Qualitative and Quantitative Techniques for Financial Forecasting
Today’s market is constantly changing with complex business models and intriguing workflows, forcing management to make faster and better decisions. Modern business dynamics have made it mandatory to have flexible and reliable forecasting methods. Management faces a constantly shifting business landscape; hence, they need a tool that will empower them to make informed decisions.
Future planning is a key component for management decisions, and it is vital to the overall success of businesses. This is what is known as forecasting. Forecasting is all about estimating important elements of businesses, such as sales volumes, expenses, investments, and profits, which can easily impact business outcomes.

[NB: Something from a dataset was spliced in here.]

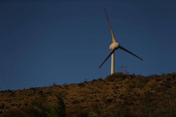 A wind turbine run by the Costa Rican Electricity Institute (ICE) is seen along a ridge line on March 26, 2015, in Guanacaste, Costa Rica.Joe Raedle/Getty Images

Financial forecasting techniques consist of two broadly categorized methods:
- Qualitative techniques
- Quantitative techniques
Let’s look at each category to find out how to do financial forecasting.
Qualitative Financial Forecasting Techniques
In this method, management makes decisions based on opinions shared by various department heads and key personnel of various departments in an enterprise, such as sales, production, purchasing, operations and so forth. Management does its calculations and estimations based on inputs from these important members.
Reference Class Forecasting
In this method, enterprises make decisions based on reference cases or similar scenarios in a different timeframe. This forecasting method is completely based on human judgment.
In this method, a questionnaire is provided to experts who share their answers in isolation. Once responses are in place, a second questionnaire is shared with them to re-evaluate their responses to the first one. This process goes on until the responses are narrowed down to a short list of important opinions.
Sales Force Inputs
Sales representatives are closest to the customers. They are in a better position to share insights about a customer’s behavior. In this method, based on inputs shared by sales representatives, management prepares estimates.
Inputs in the form of consumer feedback or customer surveys help enterprises to define and derive financial forecasts. This feedback can be taken in the form of telephonic conversations and personal interviews.
Quantitative Financial Forecasting Techniques
Proforma statements are financial statements that consist of data related to sales figures and costs from the last two to three years. This forecasting method is generally used in mergers and acquisitions, or when a new company is to be formed and statements need to be presented in front of the investors.
In this method, enterprises conduct a comparative study of variable factors such as consumers’ disposable income, interest rate, consumer confidence and even unemployment level. This is compared over a period of time, and then estimates are drawn.
Beyond these two methods, there is another popular method called time-series forecasting, where businesses gather financial data over a period of time to identify patterns and trends and forecast based on these patterns.
Financial forecasting is a very challenging task, and it is critical to select the right forecasting technique to derive the right forecasts. The technique that is chosen for one objective may be different for another one. It may also change from organization to organization and department to department. Irrespective of the technique, financial forecasting is an essential process and helps decision-makers in driving business growth.